In a few minutes, House Democrats on Monday accomplished what they could not during three previous sessions.

House Democrats showed up in sufficient numbers to establish a quorum and to prevent Republicans from ending sessions, as the GOP did on Thursday, Friday and Saturday, largely to protest the state's evolving approach to sheltering migrant families.

With a quorum present, the House, in a rare hand-counted 105-14 vote, sent to the Senate a $3.1 billion fiscal 2023 closeout budget.

After the vote, House Speaker Ron Mariano, who has served in the House for more than three decades, could not recall another instance when there was a quorum during an informal House session.

The bill includes critical funds to fulfill state employee raises and try to keep pace with elevated emergency shelter demand.

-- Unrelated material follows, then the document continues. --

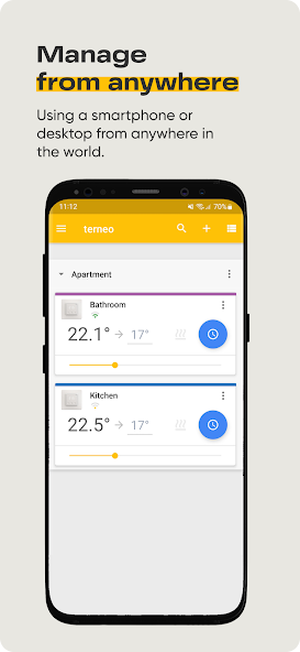 Управляйте всеми контроллерами отопления Wi-Fi terneo ™ в пределах одного приложения. Вы можете добавить любое количество устройств в свою учетную запись. Даже если они в разных комнатах. Даже если они находятся в разных домах. Вы не хотите настраивать каждый контроллер отопления отдельно? Просто скопируйте настройки из одного контроллера отопления в другой.

"Now it's over to the Senate. We'll see when the Senate takes it up, and what their gameplan is, and then we'll judge when it comes back," House Minority Leader Brad Jones said after the House vote. "This I think has highlighted the dysfunction on Beacon Hill, highlighted the shortcomings of a one-party monopoly on Beacon Hill."

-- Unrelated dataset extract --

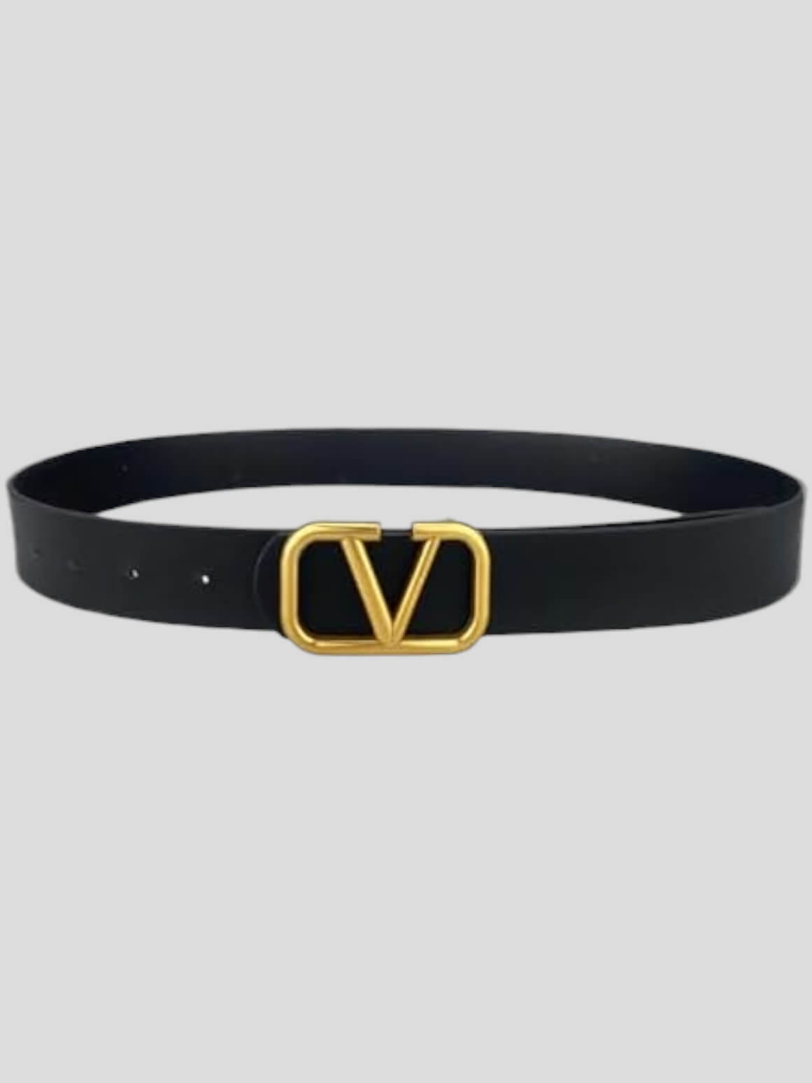 Pasek skórzany ze Złotą Klamrą V Czarny

The bill (H 4204) was drafted by a six-member conference committee. If the bill is surfaced in the Senate Monday it will face an up-or-down vote there as well. After conference committee reports are accepted in each branch, enactment votes are also needed in each branch in order to move any bill to the governor's desk. The House was in recess Monday afternoon, awaiting the bill's possible return.

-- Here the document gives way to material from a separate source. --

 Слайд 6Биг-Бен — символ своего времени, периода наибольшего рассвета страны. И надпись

If Senate Republicans wish to hold up the bill, that branch has a non-debatable "lay on the table" motion that is available to members and has been used in the past to slow bills down, usually until Democrats rule that such motions are dilatory and power past them.

Senate Republicans so far have not had a chance to formally weigh in on the conference committee bill, but they appear to have at least one maneuver at the ready.

All four members of the Senate's GOP caucus cosponsored an order seeking to clear the way for a formal session, which could feature debate and roll call votes, to consider the closeout supplemental budget deal.

Legislative rules call for informal sessions, where debate is not allowed, from mid-November through December in odd-numbered years.

Formal sessions for the year ended Nov. 15 and are not set to resume until Jan. 3, 2024 under legislative rules, but the proposed order would carve out an exception for the $3.1 billion spending bill.

House Republicans offered a similar order last week, and Democrats quickly shelved it by burying it in the Rules Committee.